Un encuentro con el otro mundo

Había una vez en lo profundo del océano un pequeño caballito de mar que sin quererlo ni desearlo viajó hasta otro mundo, y se aventuró a vivir la experiencia más fascinante de su vida.

Annetta Rayo

Había una vez en lo profundo del océano un pequeño caballito de mar que sin quererlo ni desearlo viajó hasta otro mundo, y se aventuró a vivir la experiencia más fascinante de su vida.

Todo comenzó cuando Lucía daba un paseo por los corales con sus amigos, de pronto una luz pontente y segadora le quitó la visibilidad, en ese momento, era confuso, después de unos minutos todo volvió a la normalidad, pero el lugar no era igual, además sus amigos ya no estaban con ella.

Desorientada, trató de regresar a casa, pero era imposible, una pared invisible no la dejaba seguir, aquéllo era rarísimo, había objetos extraños.

Escuchaba sonidos y casí siempre un animal con dos ojos, boca y extremidades llegaba, lo alimentaba y emitía sonidos.

Así pasó el tiempo, deprimida. En los días siguientes llegaron más peces. Todos se hicieron muy buenos amigos, y no era para menos, se hacían compañía.

—¡Hola! Mi nombre es Lucia. ¿Cómo te llamás? —le dijo a un pez payaso.

—¡Me llamo Roberto! Vos sabés cómo podemos hacer para salir de aquí —le preguntó el pecesito.

—Ni idea. Tengo mucho tiempo de estar tratando de escapar y no veo posibilidad —contestó.

Aquello era una prisión, pero lujosa. No les hacía falta nada, siempre limpia y había comida, pero eso no era suficiente, ya que extrañaba a sus familiares y amigos.

Un día el ser del otro mundo decidió lavar su jaula de cristal. Tomó a todos y los puso en otro sitio, mientras se organizaba, el envase se resbaló y todos cayeron al suelo. En fracciones de segundo les faltó el aire, no podían respirar.

Rapidamente el extraño los agarró y los colocó en lugar a salvo.

Los pecesitos en ese momento se dieron cuenta que para poder escapar necesitarían más que desearlo, ya que las posiblidades de vida fuera del estanque era mínimas. Pero no perdían las esperanzas y tenían la ilusión de que en algún momento regresarían con sus seres queridos.

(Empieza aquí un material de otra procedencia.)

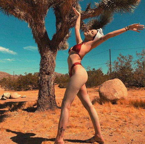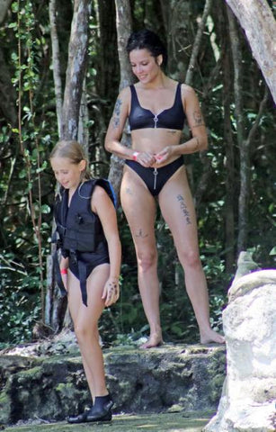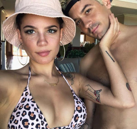 A simple bikini may not attract people’s attention.At this point, we need to put on our accessories.A headscarf, sunshade, sunglasses or even headphones can add to your look.A pair of earrings and a necklace can also make you look cooler.It depends on your choice.As for Halsey,her tattoos have also become a feature of her bikini look.
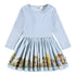 Long-sleeved dress in light blue with a cute print of crocheted teddy bears. The top is slim-fitting in ribbed jersey, while the skirt is in poplin, which gives the dress volume. A comfy everyday piece.
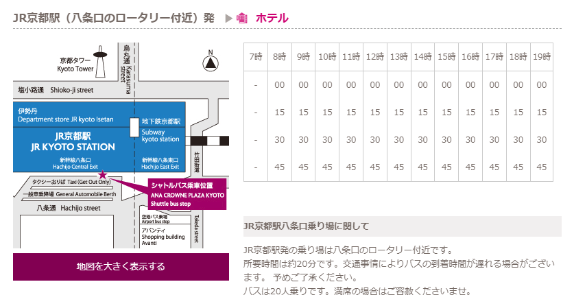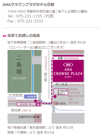 (GoogleMapであれば、クラウンプラザ京都で検索可能です。)

Las criaturas extrañas cada vez eran más, y una de ella se acercaba con mayor frecuencia. ésta era especial de ojos grandes y mirada tierna, todos los días pasaba horas observándolos y alimentándolos.

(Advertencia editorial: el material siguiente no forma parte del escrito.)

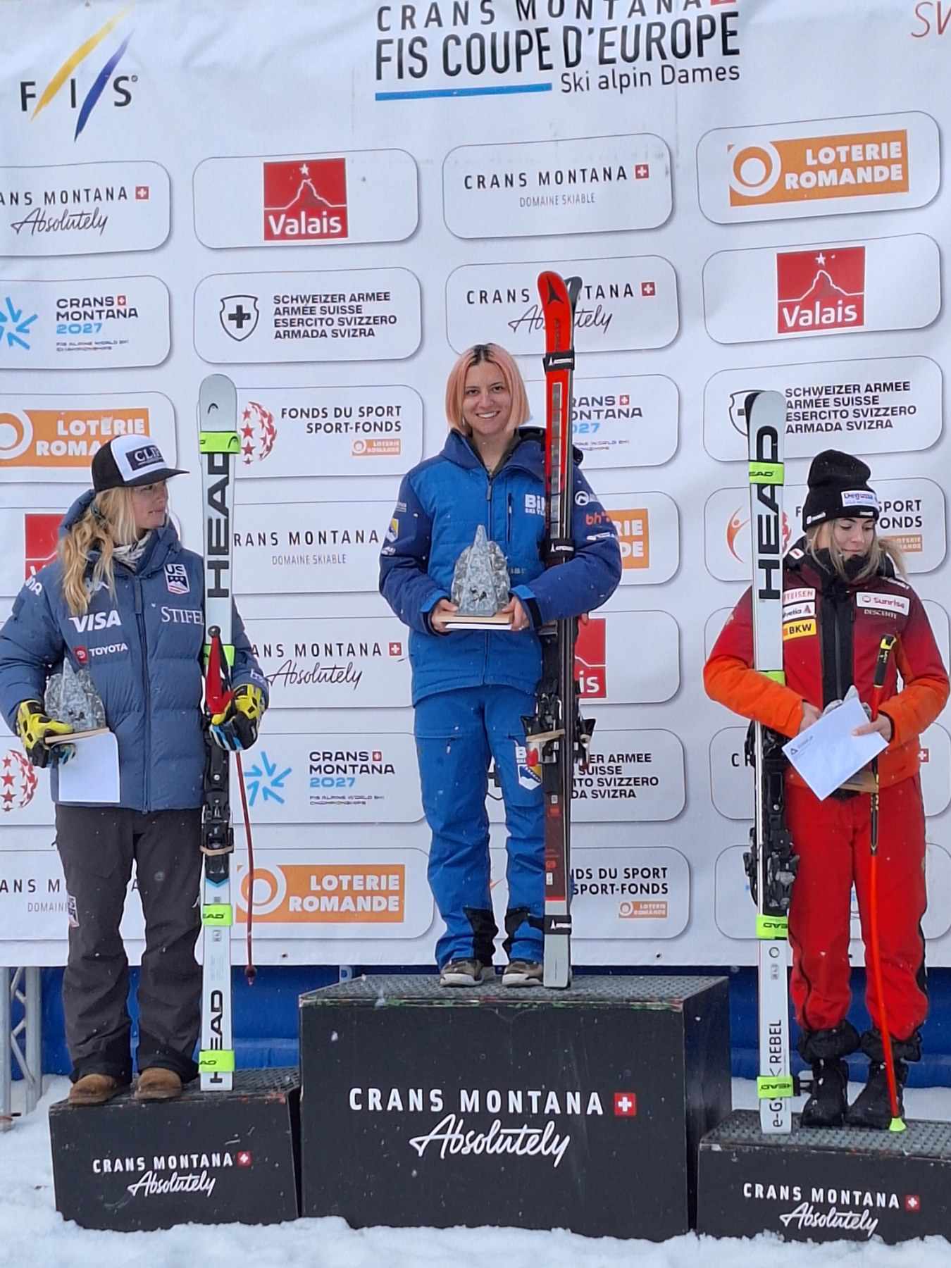 Elvedina Muzaferija (24) ispisala je danas, u Crans Montani, zlatnim slovima pobjedu u spust utrci Europa kupa. Švicarsko skijalište, na kojem je prije godinu osvojila srebrnu, prvu historijsku medalju za Bosnu i Hercegovinu ikada, Muzaferija je danas u drugoj utrci savladala s vremenom 1:08.12  i iza sebe ostavila Triciju Mangan (USA) te domaću  Deliju Durrer. Na četvrtom mjestu završila je slavna Čehinja Ester Ledecki koja je za bh.skijašicom kasnila 33 stotinke.

Lucía y el resto de sus amigos se escondían por miedo. La visita de la niña era constante.

—¡Pobres, les debe hacer falta sus papás y amiguitos!— dijo en voz baja.

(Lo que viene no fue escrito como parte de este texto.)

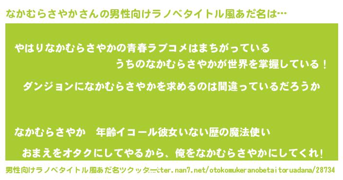 | 女子向けラノベタイトル風あだ名 | 『なかむらさやかは平凡を望む』 |

Inmediatamente, pensó que no era correcto tenerlos encerrados por lujo. La idea de tenerlos de adorno no era justo.

—Si estuviera lejos de mis papás sufriría mucho — exclamó.

En varias ocasiones le había pedido a su papito que los dejara ir, pero éste no le parecía la idea. Pero ella no perdía las esperanzas, en pocos días iba a estar de cumpleaños. Así que hizo una cartita y se la dio a su papá, en ella le pedía de regalo todos los pecesitos de la pecera, pero además solicitó celebrar su “cumple” en el mar. La carta conmovió tanto a su papito que este aceptó la solicitud.

Fue la primera en levantarse, subió en un banquito y con la red tomó todos los pecesitos y los puso en una bolsa plástica. Se alistó y contenta se los llevó al mar. Inmediatamente que llegaron, le pidió a su mamita que la acompañara a la costa y muy delicadamente abrió la bolsa dejándolos ir a todos.

Los peces por fin fueron libres y regresaron con sus familiares. Rápidamente una sonrisa se dibujó en el rostro de la cumpleañera.

—¡Qué mejor regalo que la libertad y el encuentro con sus seres queridos!  — se dijo.